Borges, who was last year awarded the European Union's Sakharov prize for human rights, immediately rejected the accusations in a series of tweets.
"Nicolas Maduro, neither the country nor the world believe your attack farce," Borges wrote. "We all know that it's a facade created to persecute and condemn those who oppose your dictatorship."
Borges also said that Requesens had been "imprisoned by order of Nicolas Maduro," which he described as an "unjustifiable outrage" and a violation of his parliamentary immunity.
In another address after Saturday's apparent attack, Maduro also accused Colombian president Juan Manuel Santos, who handed over office to his elected successor Ivan Duque earlier on Tuesday, of responsibility for the attack.
"I have no doubt he [Santos] was involved," Maduro repeated on Tuesday, claiming that Santos was protecting those responsible. "This assassination attempt came from abroad and we have to get to the bottom of it, who gave the order, from where."
Maduro added that the Foreign Ministry would apply for the extradition of those who plotted the attack from the United States and Colombia.
He also showed a video of one of the suspects and said that the attack was carried out by "hired assassins, hit men."
Critics have cast doubt on Maduro's version of the attack, in which seven soldiers were injured, fearing he will use it to tighten his grip on power.

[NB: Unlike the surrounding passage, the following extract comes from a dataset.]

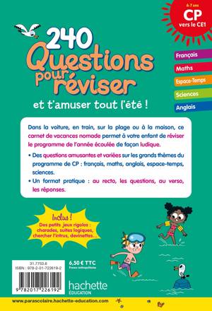 • Dans la voiture, en train, sur la plage ou à la maison, ce carnet de vacances nomade permet à votre enfant de réviser le programme de l'année écoulée de façon ludique. • Des questions amusantes et variées sur les grands thèmes du programme de CP : français, maths, anglais, espace-temps, sciences. • Un format pratique : au recto, les questions, au verso, les réponses.

The president, who has presided over a rapid decline in his country's economic fortunes, was re-elected to another six-year term in May, in polls denounced as undemocratic by the European Union, the United States and at least 12 Latin American countries.
The country is suffering a widespread shortages of basic goods and hundreds of thousands of Venezuelans have fled to neighbouring countries including Colombia to escape the hardship. 
The International Monetary Fund last month predicted inflation in Venezuela would hit 1 million per cent this year.